TAX MAN COMETH

Senate’s GOP tax reform accused of destroying the incentive to work for startups

Joining an early-stage startup is risky: toiling for long hours at below market rates for a company that has a minuscule chance of hitting it big. To lure talented employees away from public companies and comfortable jobs, startup founders often have to dole out stock options. These options give early employees a chance to buy stock at an early (low) price in the hopes that the stock will gain value in the future. The options typically “vest,” or transfer ownership, over the course of years.

The US Senate’s Tax Cuts And Jobs Act bill in the Senate would tax those options as soon as they are transferred to the employee or founder. Today, options are taxed when they are exercised (or cashed out). The proposal unveiled last week calls for stock options to be taxed upon vesting, a crucial distinction.
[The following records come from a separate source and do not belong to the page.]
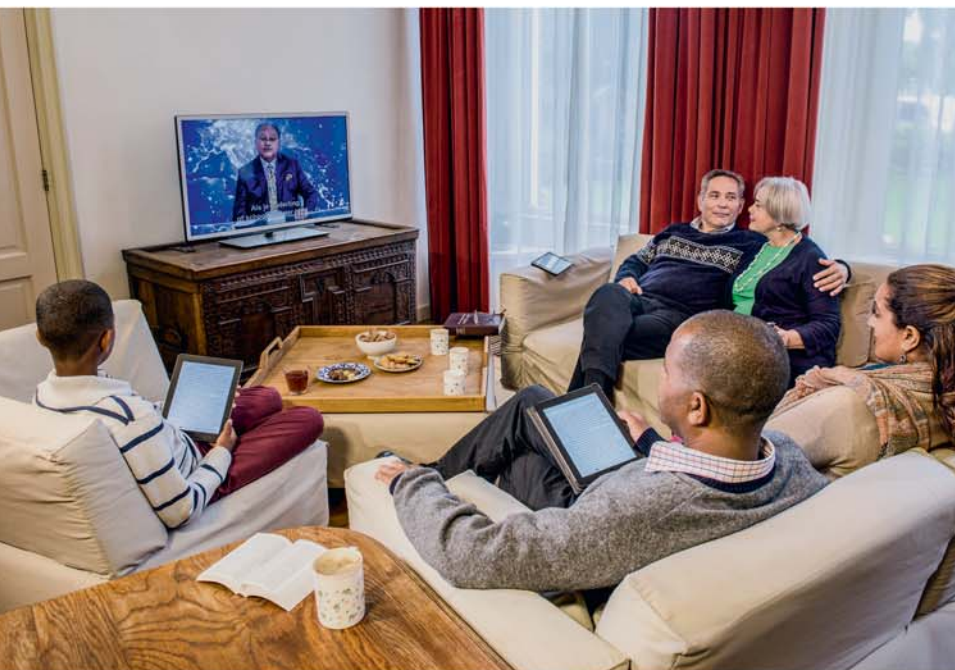
Le culte familial renforce les liens entre jeunes et moins jeunes (voir paragraphes 12, 15).

tu peux dire ou faire pour fortifier ton union. Les couples mariés depuis longtemps peuvent même aider les membres plus jeunes de la congrégation à cet égard. De temps en temps, ton conjoint et toi pourriez inviter un couple plus jeune à se joindre à votre culte familial. En vous observant, les plus jeunes verront que l'affection et l'harmonie sont importantes même quand on est marié depuis longtemps (Tite 2:3-7).
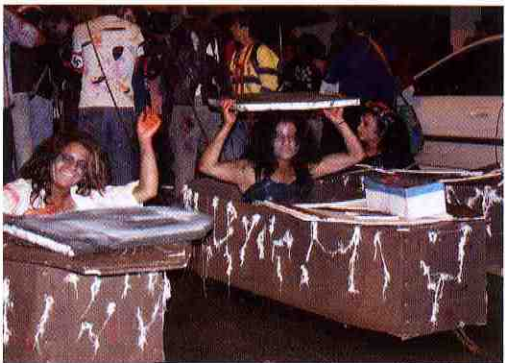
Parte de la comparsa ganadora
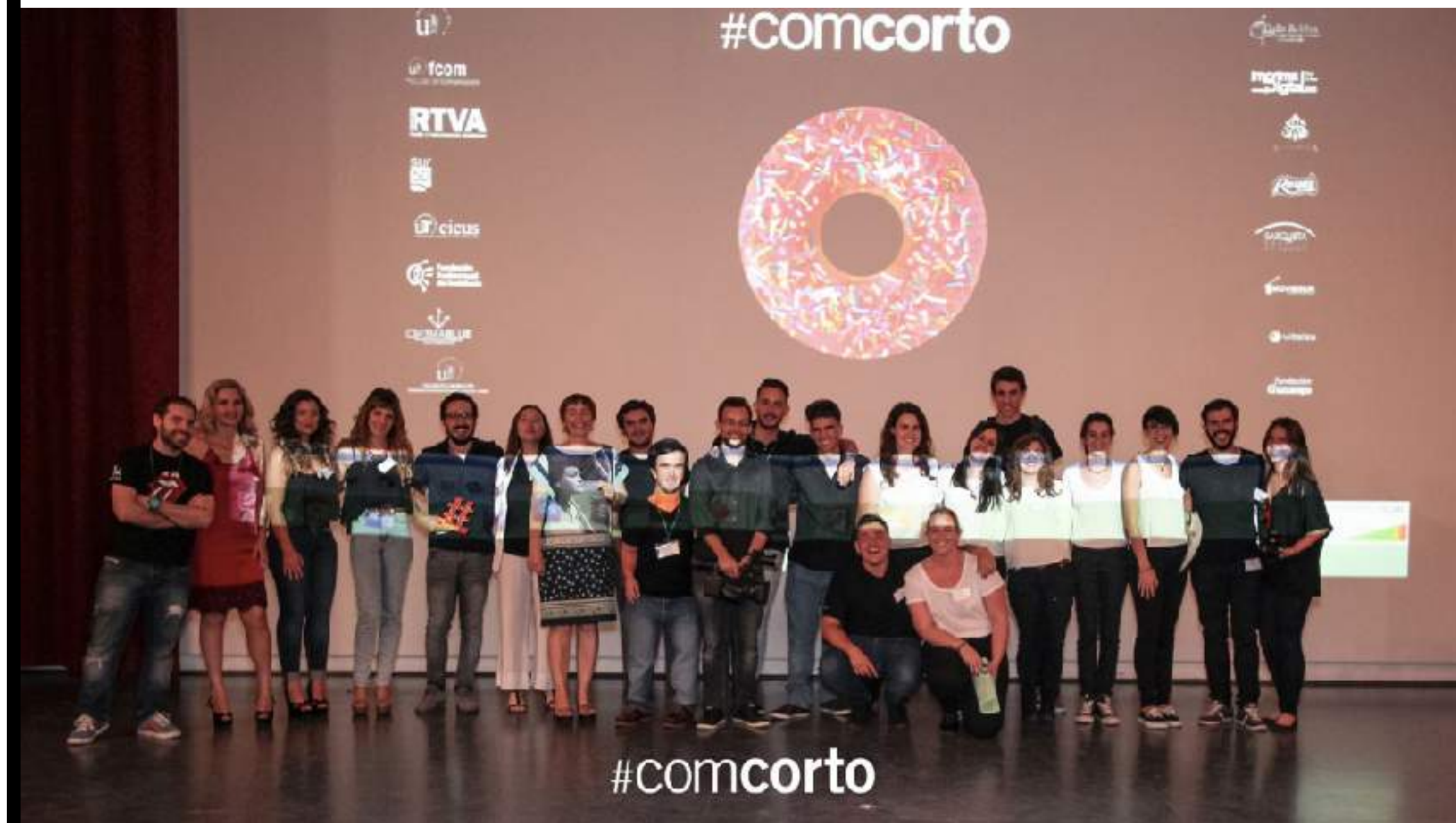
Organización 18ª edición #COMCORTO

El próximo 19 de mayo, #COMCORTO cumplirá su 20ª edición, habiendo abierto sus puertas a toda la comunidad universitaria pública andaluza y egresados de un año de antigüedad.

Early employees or founders would have to pay taxes even if they don’t sell their stock. Since vesting typically occurs many years before a stock is sold (or even can be sold because startups restrict stock sales before a company goes public), that tax bill could be crushing. As one petition states, startup founders and employees would shoulder an enormous tax burden if their company was successful or not (despite receiving no income in many cases).
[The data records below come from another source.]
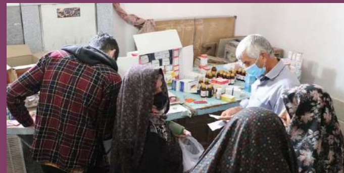
روستای نوده پشنگ
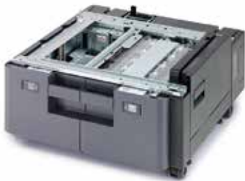
MAGASIN PAPIER 2X 1500 FEUILLES PF-7110 Prise en charge des formats A4, B5 et lettre.
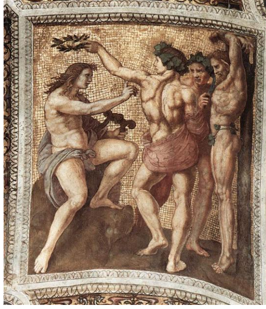
Şekil 9. Sanzio Raffaello (1509-1511) – Apollon ve Marsyas (Tavan Paneli)

Sahnelerin büyük çoğunluğunda Marsyas ağaca yaslanarak bağlanmış bir şekilde derisi yüzülürken resmedilmişken az sayıdaki örnekte ise ayaklarından baş aşağı biçimde bir ağaca asılmış, derisi yüzülürken resmedildiği görülmektedir. Sanzio Raffaello (1509-1511) (Şekil 9) tarihli fresk tavan paneli çalışmasında (bazı tarihçilere göre eser Raffaelloya ait değildir) uzatılmış figürlerin ilahi uyumun dünyevi tutkulara galip gelişini göstermektedir. Bartolomeo Manfredi'nin (1615-1620) (Şekil 10) eserinde daha dar bir kareyi tercih ederken, Giovanni Francesco Romanelli (Şekil 11) ise satir özellikleriyle yansıttığı Marsyas'ı ağaca bağlanmaya karşı koyar resimlerken, Apollon cezalandırıcı pozisyonda işaret ederek hükmün uygulanmasını emreder görünmektedir. Apollon müzik aleti olarak lyra, Marsyas ise pan flüt ile betimlenmiştir.
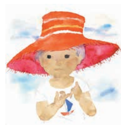
▲赤い帽子の男の子 1971年 ちひろ美術館蔵

The idea landed like a bomb in the Silicon Valley community this week. One compensation lawyer called it the equivalent of taxing a “lottery ticket.” The National Venture Capital Association said in a statement the draft legislation “would cause great harm to the ecosystem,” urging that legislators “not raise taxes on investment in entrepreneurial activity.” Fred Wilson of Union Square Ventures said “taxing equity compensation upon vesting makes no sense,” while PayPal co-founder Max Levchin called the potential impact on Silicon Valley “devastating.”

Given the state of play with the legislation, anything is possible. The wording of the proposal has shifted as the Senate and House have drafted their own legislation with early House versions removing the requirement that all stock be taxed upon vesting. The House’s version taxes shareholders when shares are exercised through an IPO, acquisition or other liquidity event.